INPUT RECORDS>
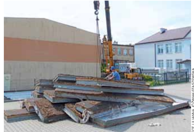
Demontaż starej konstrukcji dachu na sali gimnastycznej SP Dmosin.

Termomodernizacja szkoły polegała na wymianie kotłów wraz z instalacją co z olejowych na kotły na paliwa odnawialne typu pellet, wymianie okien, oświetlenia, dociepleniu ścian budynków, a obecnie – wymianie dachu sali gimnastycznej. Prace zostały zaplanowane na dwa lata z terminem zakończenia do 31 grudnia 2019. Obecnie wymieniana jest konstrukcja dachu sali gimnastycznej, włącznie z jego pokryciem. Wykonawca zakłada płytę warstwową. Zastąpi ona dotychczasową konstrukcję metalową, która uległa wykrzywieniu. Nowe pokrycie ma również bardziej zabezpieczyć salę przed utratą ciepła. Prace związane z dachem potrwać jeszcze około 2 tygodni. Sala zostanie odmalowana w środku. Wykonawca zapewnia, że 1 września uczniowie będą mogli rozpocząć tu rok szkolny. Pozostałe prace termomodernizacyjne idą zgodnie z założeniami.
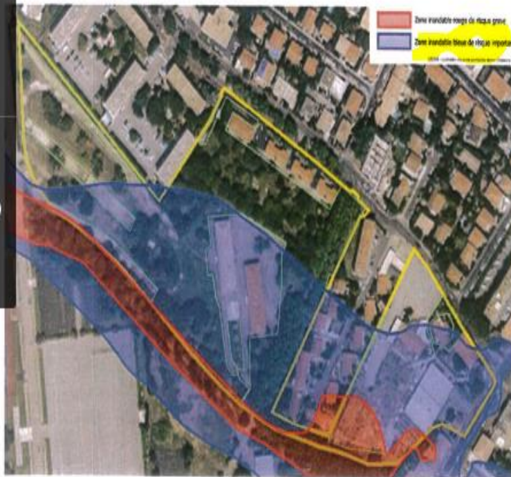
Figure 32 - Localisation des surfaces perméables du secteur « Chasseurs » en état actuel

La figure suivante localise les surfaces perméables (en vert) en état actuel du quartier (délimité en jaune) et le zonage du PPRI (zone bleue et zone rouge, cette dernière étant centrée sur le cours d'eau).
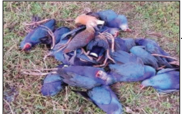
কিছু বছর দিঘির শহর, সরোবর সংঘটিত হওয়ায়। ঘটনার বিবরণে স্থানীয় সূত্রে জানা যায়, বিরল প্রজাতির পরিযায়ী পাখিদের নির্মম হত্যার অভিযোগ রয়েছে। বিপত্তি দেখা ৬ এর পাতায় দেখুন

নিজস্ব প্রতিনিধি, উদয়পুর, ২৮ জানুয়ারী। উদয়পুরের সুখসাগর জলায় পরিযায়ী পাখিদের নৃশংসভাবে হত্যার ঘটনায় প্রশাসন রীতিমতো দায়সারা মনোভাবই প্রকাশ করল। মাইকে সতর্ক বার্তা প্রচার করেই থেমে গেল প্রশাসন। যেখানে ত্রিপুরার সংস্কৃতিতে রয়েছে অতিথি দেব ভবং সেখানে পরিযায়ী পাখিদের নৃশংস ভাবে হত্যা রীতিমতো নজির গড়ল। এই পাখিগুলি প্রতিবছর শীতের মরশুমে রাজ্যের বিভিন্ন স্থানে জলাশয়গুলিতে আসে আবার শীতের শেষে সাইবেরিয়া সহ বিভিন্ন রাষ্ট্রে ফিরে যায়। এবারে উদয়পুর সুখসাগর জলায় যে নৃশংস ঘটনা ঘটল তাতে পরিবেশবিদ, পশুপ্রেমী থেকে সকল অংশের মানুষের মনে রেখাপাত করেছে। শীতের আমেজ উপভোগের
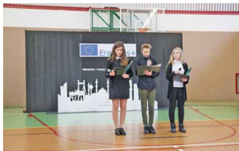
Uczniowie Szkoły Marzeń witają uczestników Erasmus

Uczniowie „Szkola Marzeń” są obcy z językiem angielskim. Oprócz bowiem rozszerzonego programu nauczania języka Szekspira, elementów
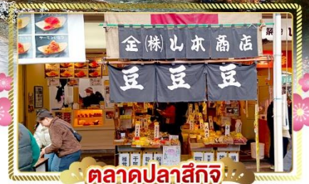
ตลาดปลาสึกิจิ
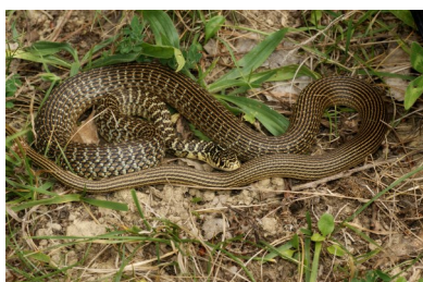
Couleuvre verte et jaune

A Saint-Mont, seulement 3 espèces sont connues sur les 5 observables dans le département du Gers : la couleuvre verte et jaune, la couleuvre helvétique (longtemps nommée couleuvre à collier) et la couleuvre vipérine. En élargissant un peu le périmètre, une espèce s'ajoute, la coronelle girondine, observée à Tasque. 4 couleuvres sur les 5 observables dans le département du Gers sont donc présentes sur notre territoire.
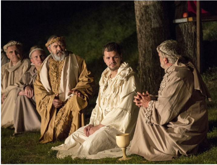
A falu apraja-nagyja színtársulattá alakul át
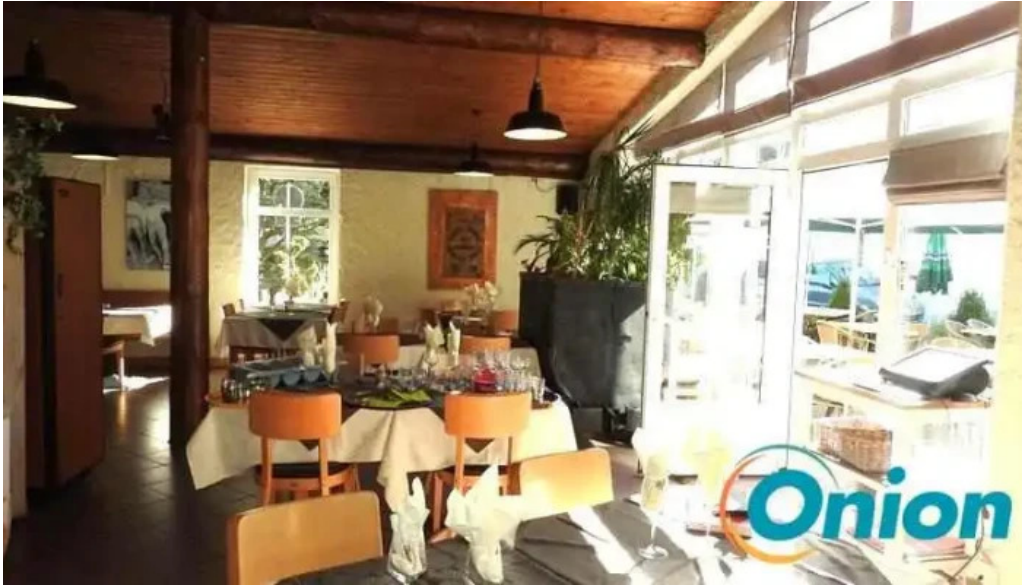
Brasserie du musee nummere
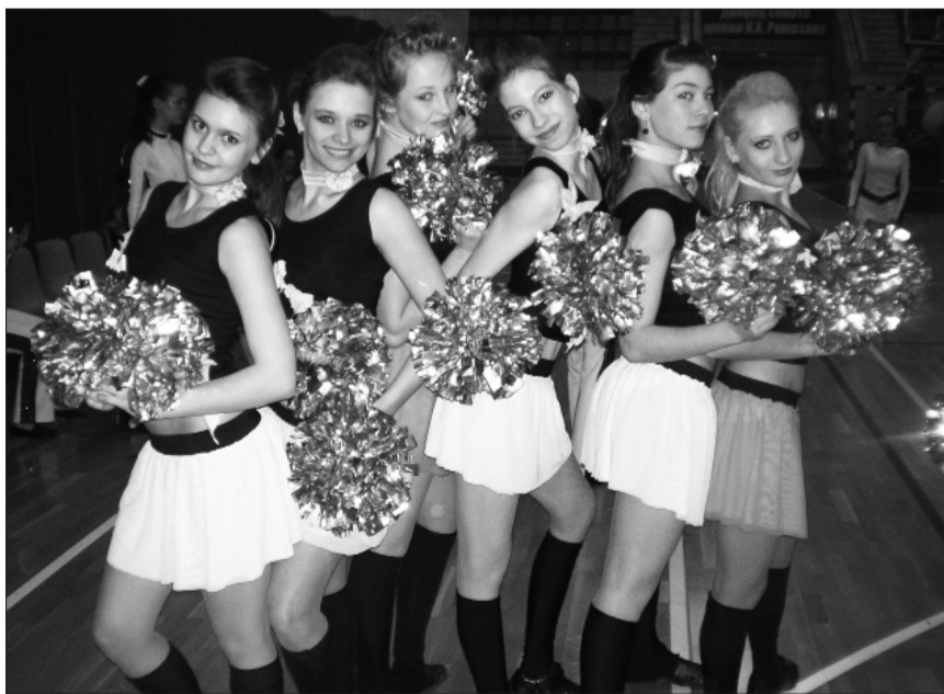
Группа поддержки «Металлург-Университет»

С самых первых выступлений детских команд было видно, что за прошедший год в профессиональном плане подросли все – и тренеры, и спортсмены. И в результате – хорошо подготовленные программы и качественное исполнение наи-
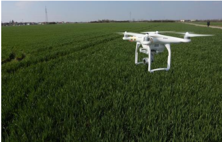
Slika 7: Snimanje njive dronom

Svjedoci smo kako je poljoprivredna tehnologija svakim danom sve modernija. Poznato nam je kako postoji tehnologija koja omogućuje navigaciju koji se putem GPS karte mogu pratiti strojevi na poljoprivrednoj površini (gorivo, položaj....).
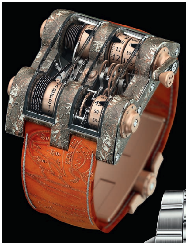
ЧАСЫ SABESTAN ROMAIN JEROME TITANIC-DNA

Оригинальные новинки стремятся представить не только авангардные бренды, но и классические марки. Например, Cartier несколько лет назад выпустил коллекции Diver, Drive. Vacheron Constantin сделал абсолютно новую линейку FiftySix, а Breitling — Navitimer 8. Конечно, их не сравнить с трубками с жидкостью от HYT, но для самих классических марок это, безусловно, смелые решения.

WHAT IS NEEDED> Give nothing except how many lines of the records include "surfaces".

RESPONSE BOX> 2